それと同時にやってきたマチュアが庵へと片手を上げた。
「庵」
「何だ」
僅かな苛立ちの篭もった声で応じると、マチュアは「言い忘れてたんだけど」とにっこりと笑う。
「この前、一人狼に襲われたでしょう?その子、ちょうど貴方のいる所に立っていたのよ。だから気を付けなさいね。誰かを待つなら茂みの中に出も隠れていなさい。まあ貴方が茂みにひっそり隠れている姿なんて想像も付かないほど滑稽だけどね!オホホホホホホホホ!」
彼女は言いたいだけ言うと高笑いを響かせながら来た道を下っていった。
「……」
何だったんだ、とその後姿を見送っているとかさり、と忍んだ音が聞こえて来た。
「…もう良いぞ」
「あー驚いた。つーかさ、さっきそこの岩の間から水が沸いてるのみつけたぜ」
「ああ、それは『イグスリの泉』だろう。食欲増進の効果があるといわれている」
「へー…ってやべっ!」
再び京が慌てて茂みへと隠れる。庵の肩越しに再びあの山羊の女が向かってくるのが見えたのだ。
「ちょっと庵、だからそんな所にいないで頂戴。もし狼がいたらどうするのよ」
「……暇なのか、貴様は」
「失礼ね、これでも貴方の事を心配してるのよ。貴方が負けるだなんて思ってはいないけれどね、余り『草薙』を刺激しないで頂戴。面倒な事になったら溜まったもんじゃないわ」
「そうか」
「もう、仕方ないわね。ああそうそう、せめてそこの金木犀の茂みの所にいなさい。あれは匂いが強いから私たちの匂いを嗅ぎ付けられる事はないわ」
「わかったからさっさと帰れ」
「もう、本当に分かっているのかしら?それじゃあね、庵」
再び踵を返して丘を下っていくマチュアの後姿に庵はやれやれと溜息を吐いた。
「…京」
吐き出すようにその名を紡ぐと、再び茂みから京が姿を現わす。
「場所、変えるか」
京の提案に頷き、二人は揃って歩き出した。
とその時。
「……」
いい加減にしろ、と言わんばかりの表情で庵は振り返った。
「また?!」
京が慌てて茂みに隠れる。
マチュア、三度目の登場だ。
「あら本当に金木犀の近くにいるのね、偉いわ」
「……」
偉いも何も、ただ偶然近くを遠っただけなのだが。
「あら、待ち合わせの子ってその子?」
枝の浅い茂みだったため、はっきりとした形は分からなくともそこに誰かがいるという事は分かってしまったのだ。
だが、幸いにもここは匂いの強い金木犀の傍らで、太陽も雲に隠れている。その為に京の正体が露見する事はなかった。
「私はマチュアよ。貴方は?」
「え、えと、ショウって言いマス」
「ショウ?聞いた事ないわね。ごめんなさいね、私、余り下々の者の名前って知らないのよホホホホホ!この子がまだ小さい頃からずっと先代に仕えていたのよ。

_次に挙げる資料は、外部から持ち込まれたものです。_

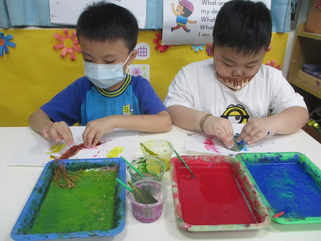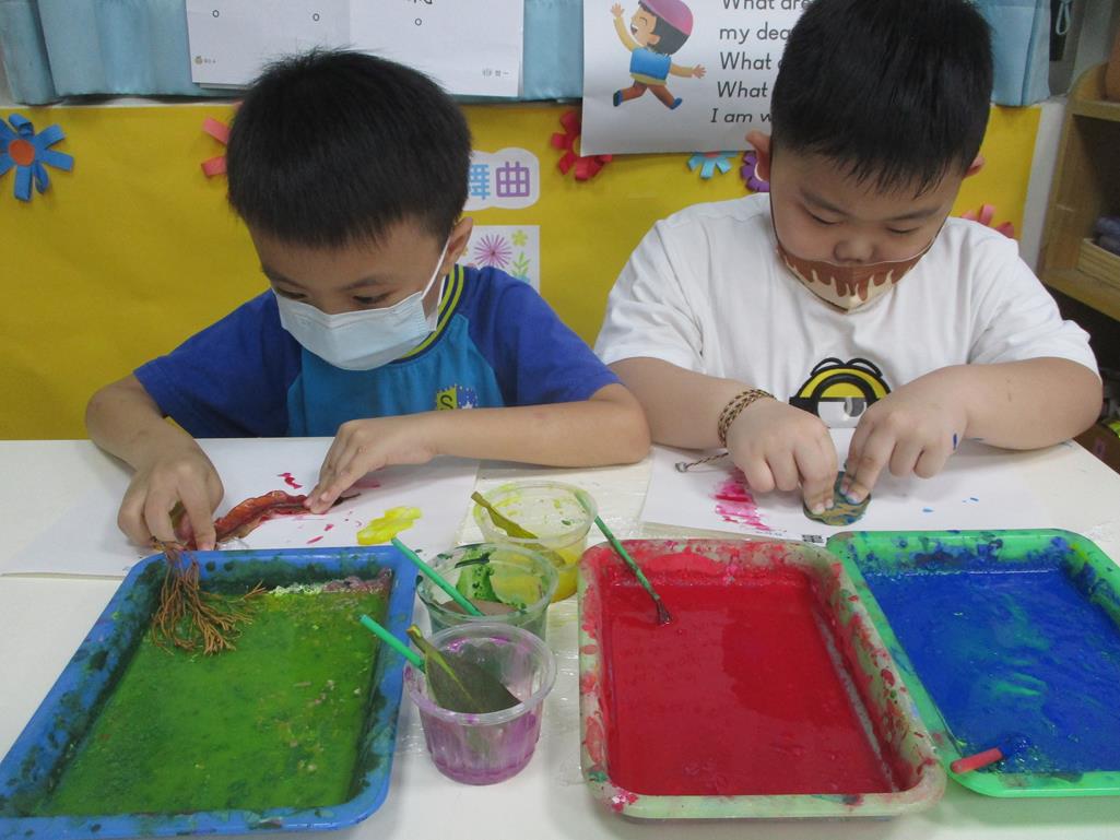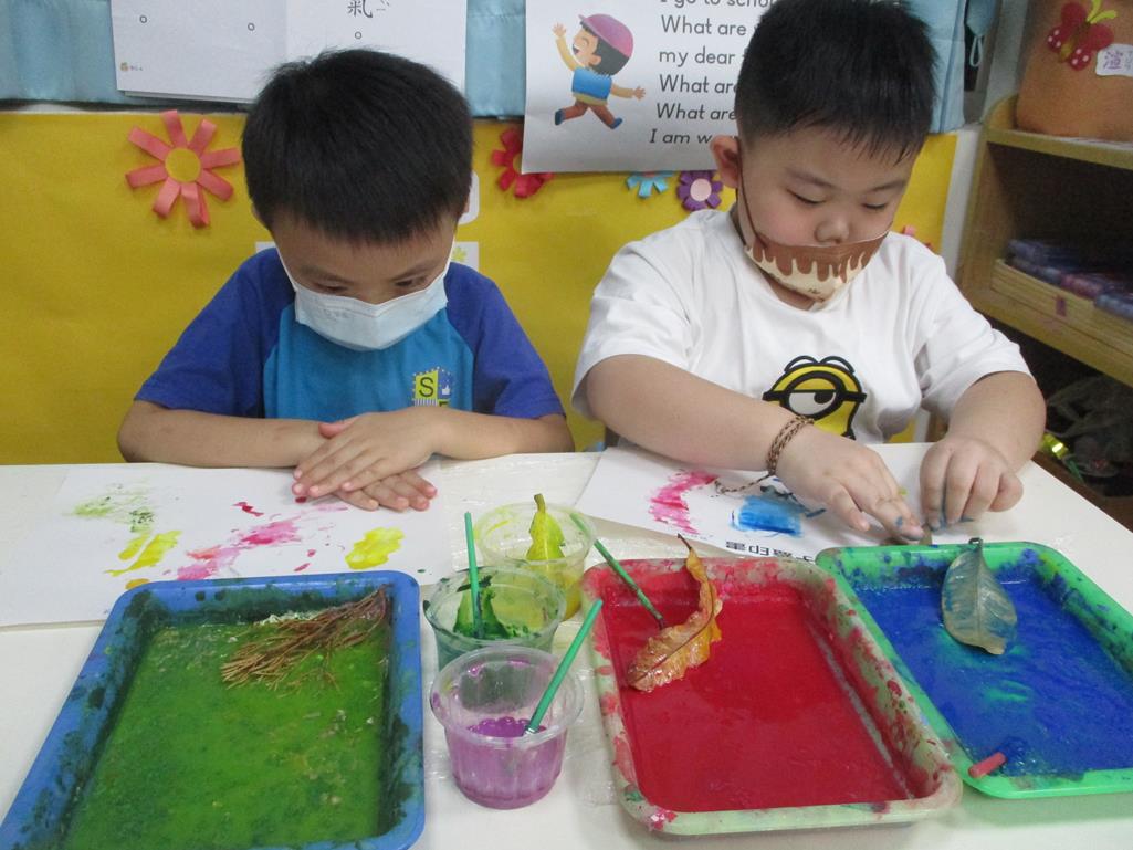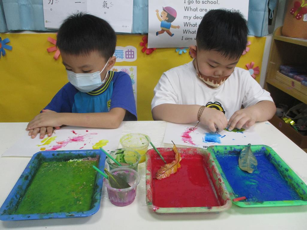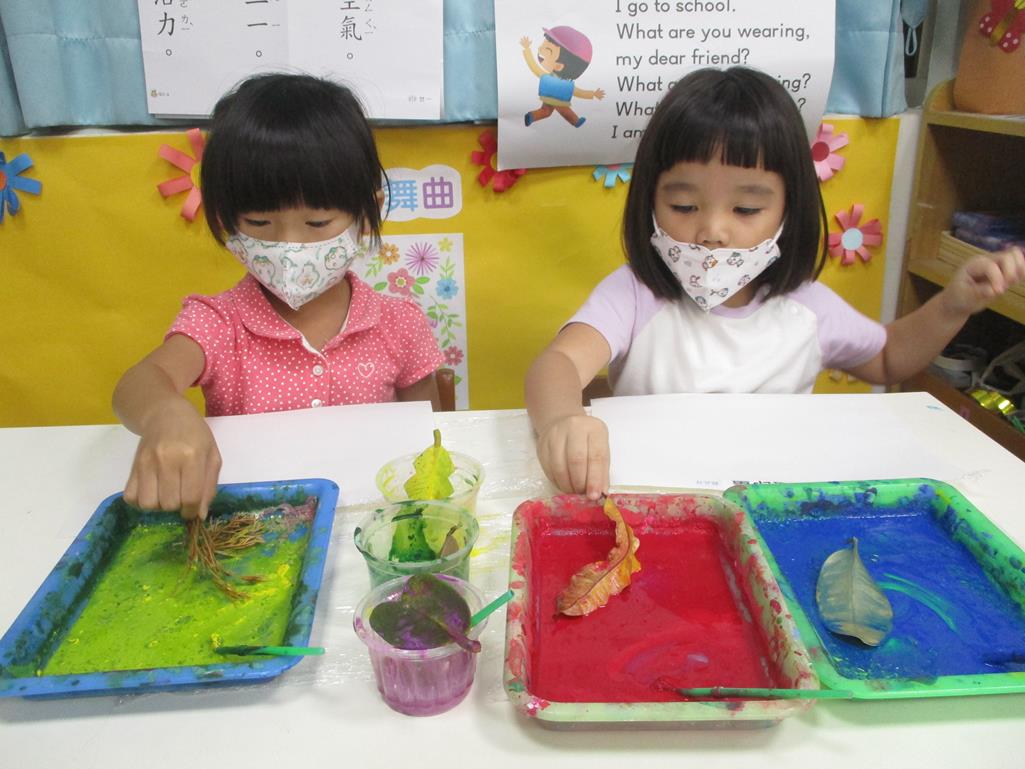 相簿名稱: 茉莉班-主題美感創作(葉子蓋印畫)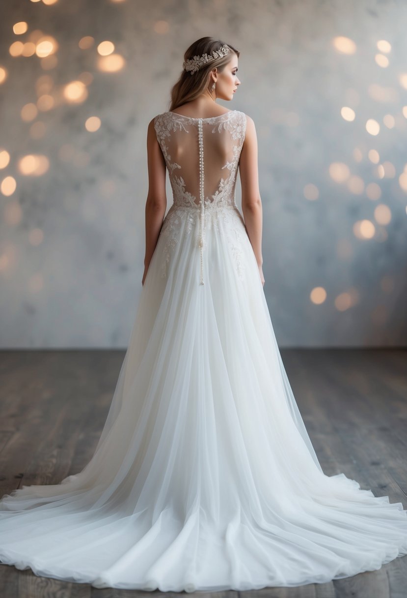 A sheer illusion back adds a stunning touch to your wedding dress. It creates the look of bare skin while providing support and coverage.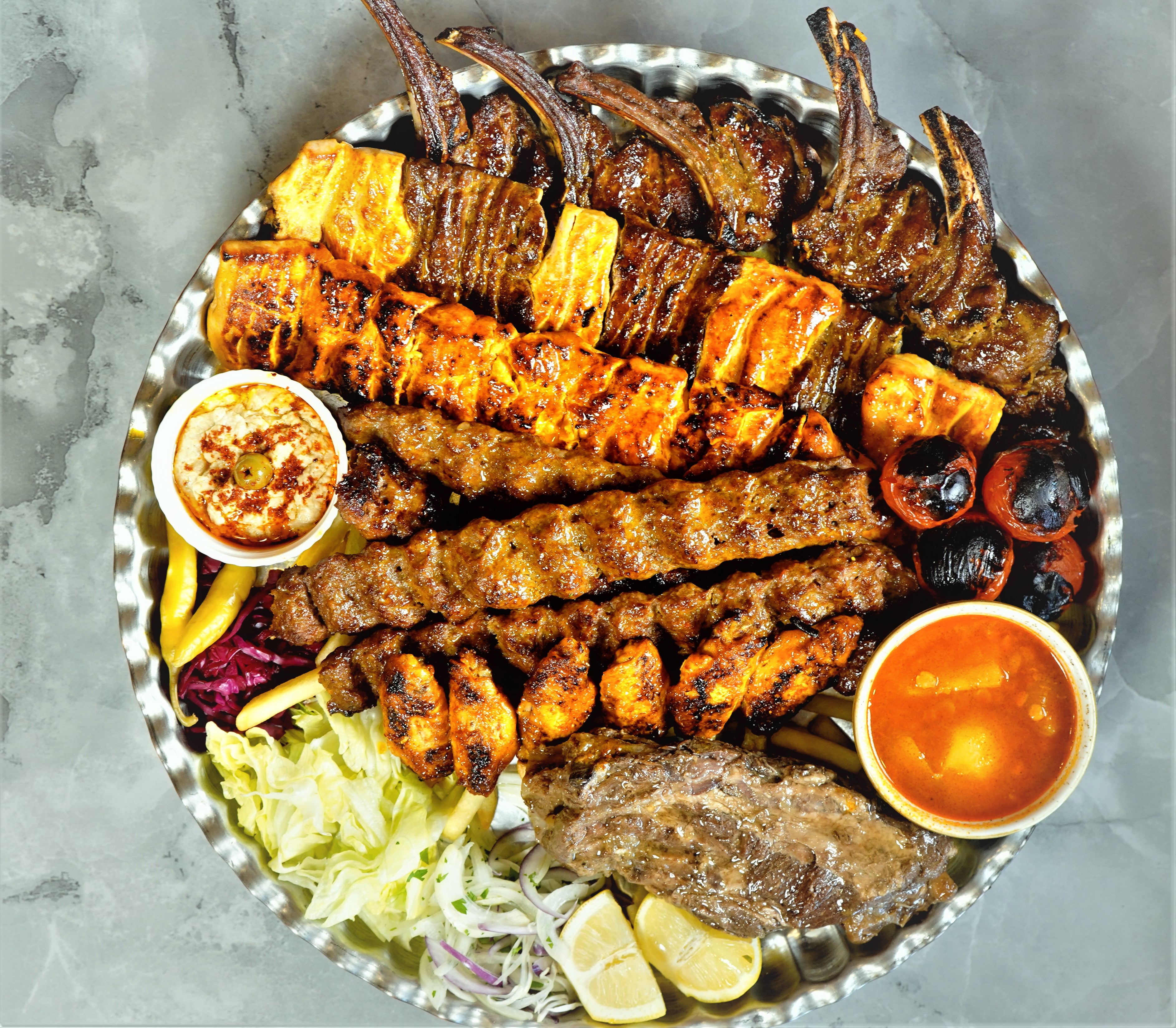 4 SKEWER KOOBIDE, 2 SKEWER CHICKEN KOOBIDEH, 4 SKEWER CHICKEN TIKKA, 4SKEWER LAMB TIKKA, 8PCS LAMB CHIOPS, 4PCS LAMB RIBS,1 FULL ROAST CHICKEN , 4 RICE, 4 NAN.£164.99Halal
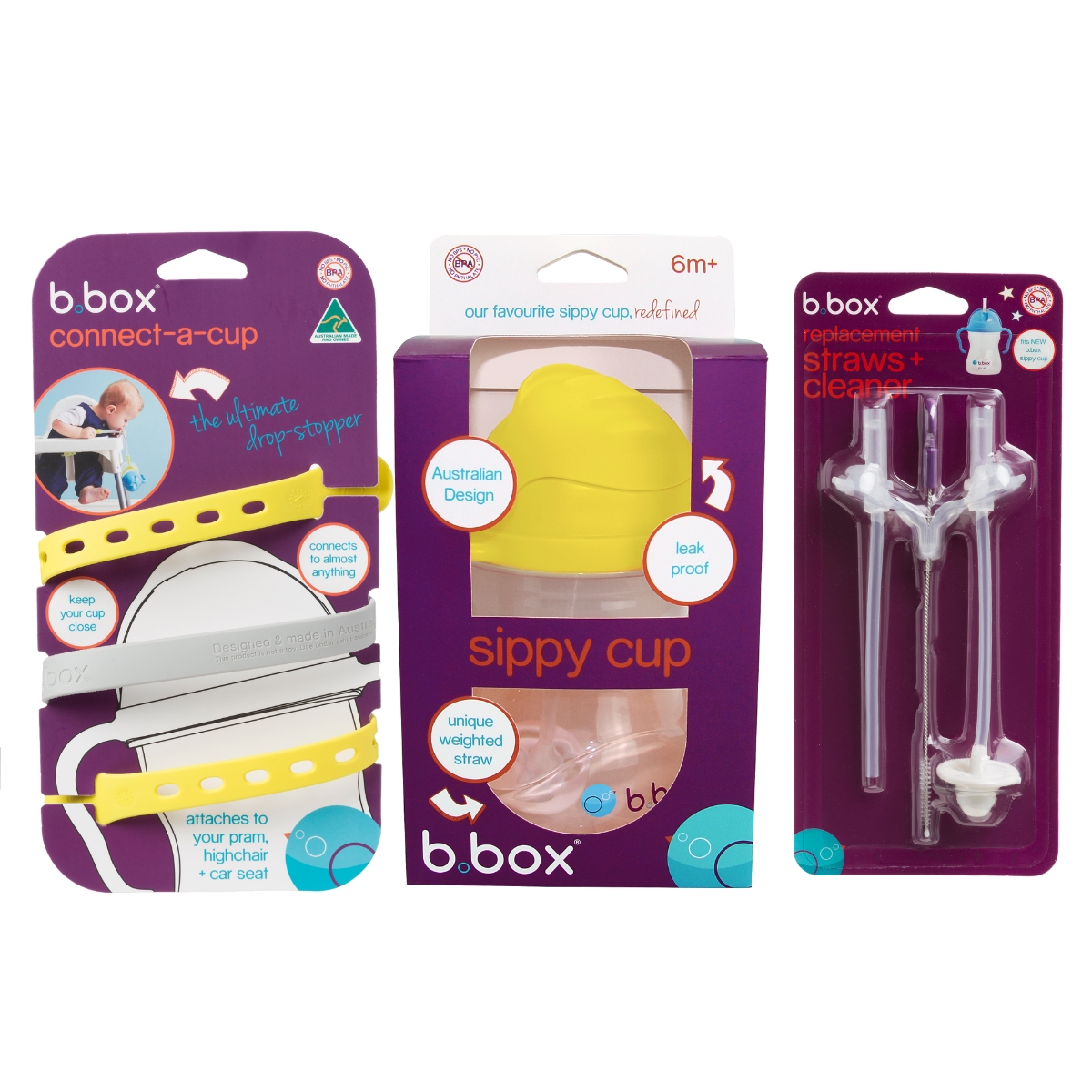 Zestaw na start 3w1 - bidon ze słomką 240 ml cytrynowy + smycz Lemon Sherbet + zapasowe słomki B.box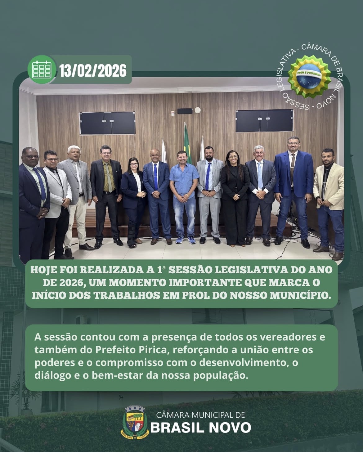 Sessão Legislativa do ano de 2026, um momento importante que marca o início dos trabalhos em prol do nosso município.
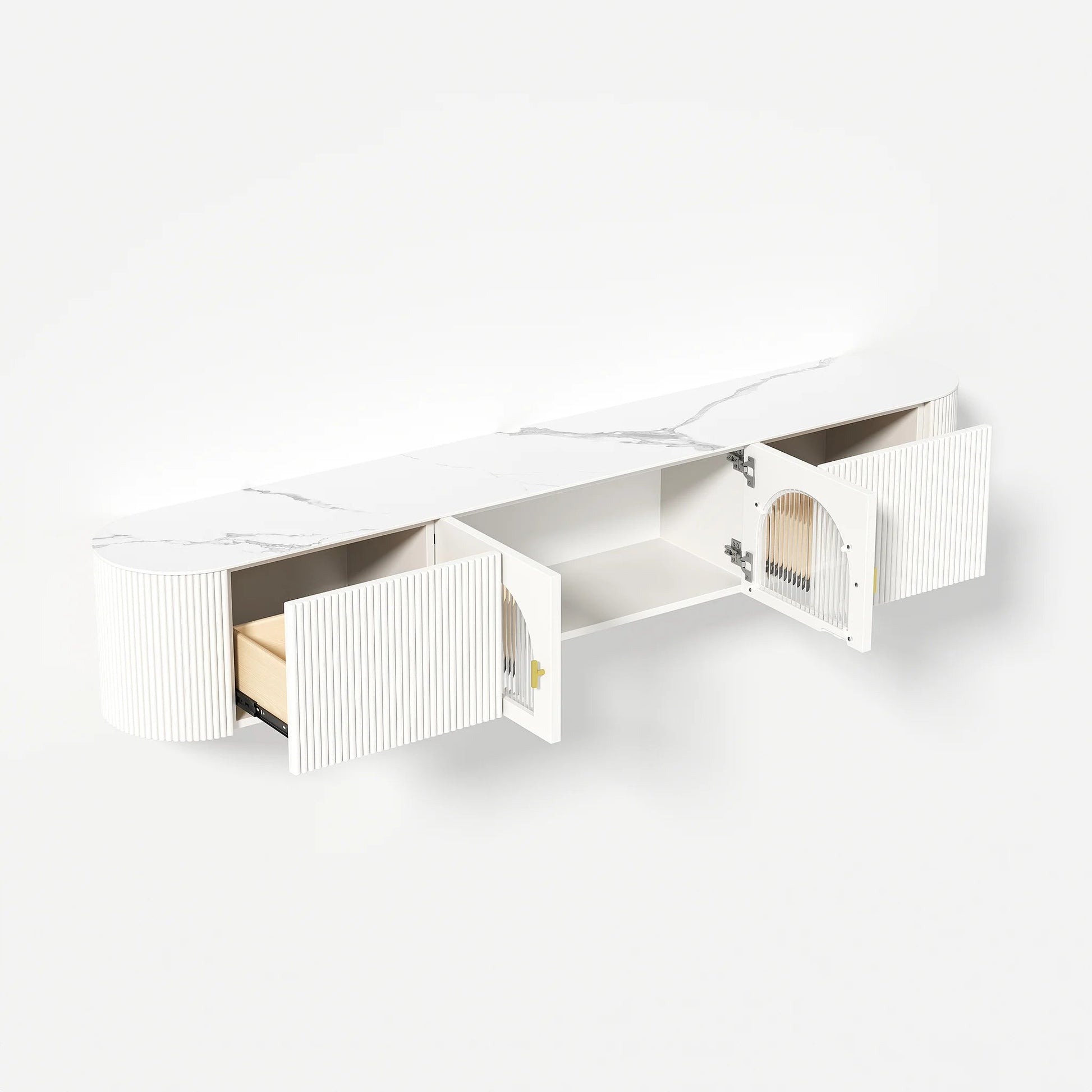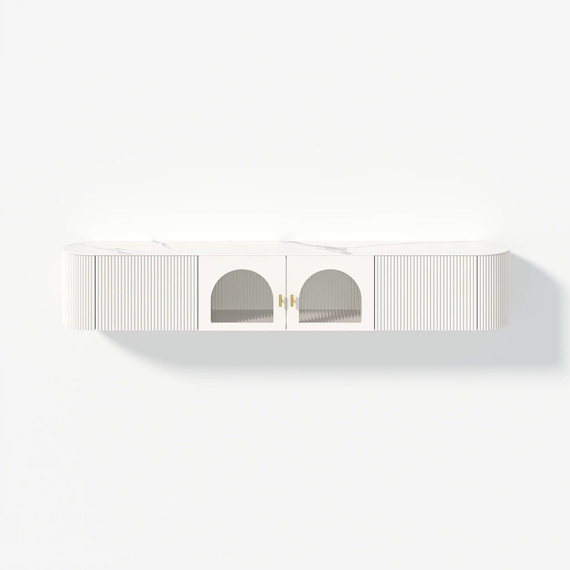 Transformez votre salon avec le Meuble TV Murale Flottant en Pierre Frittée Blanche, un mariage parfait entre élégance et fonctionnalité. Doté de portes en forme d'arche qui apportent une touche sophistiquée, ce meuble offre un espace de rangement généreux pour vos accessoires multimédia tout en libérant votre sol grâce à sa conception murale.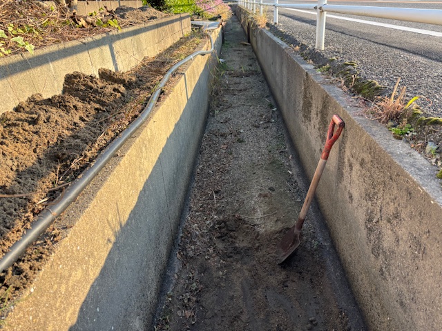 水路には土や砂が底に溜まっており、水害対策の一環で清掃をしましたー(੭ु´・ω・`)੭ु⁾⁾💖💖

けれどホラ、この子ってこの通り山羊に有らずな凶暴さでしょう?成獣前に先代を倒してしまってってそんな事八神の者なら誰だって知ってるわよね!まあ私はそれを人伝に聞いたのではなくてこの眼で見たんだけれどね!」
マチュアは二頭にお構い無しに話し続ける。
「それにしても狼の奴等、酷いわよね。幾ら私達が美しく美味だからって襲ってこないで欲しいわ。他の小動物でも狩ってれば良いのよ」
「そんなんじゃ足りねえって」
「え?」
「あ、いや、酷いなーって」
「でしょう?そもそも私はあの顔が嫌いなのよね。眼は釣り上がってるし鋭い牙は下品だし、特に先代!あれはもう最悪ね!今の当主はどんな子かは知らないけれど、どうせ碌な子じゃないわ。あの先代の息子なんですもの」
「そりゃ悪かったな」
「何か言ったかしら?」
「いや、その、ホント悪いヤツらだなーって」
「坊やもそう思うでしょう?」
そんなやり取りを眺めながら、庵はどうしたものかと思う。
京が、目に見えて苛立っている。
例えこの雌山羊が食われたとしても、庵自身は然して問題はないのだが、他の八神の者どもが黙っていないだろう。
「狼なんて、本当に私たちと同じ動物なのかしら、っていつも思うわ。あんなのとお近付きになりたい物好き、存在しないわよオホホホホホ!!」
ぴくり、と京の体が揺れる。
ぐっと前へと乗り出しかけた瞬間、庵は二人の間に割って入った。
「!」
するとその姿を見た京は踵を返し、森の中を駆けて行ってしまった。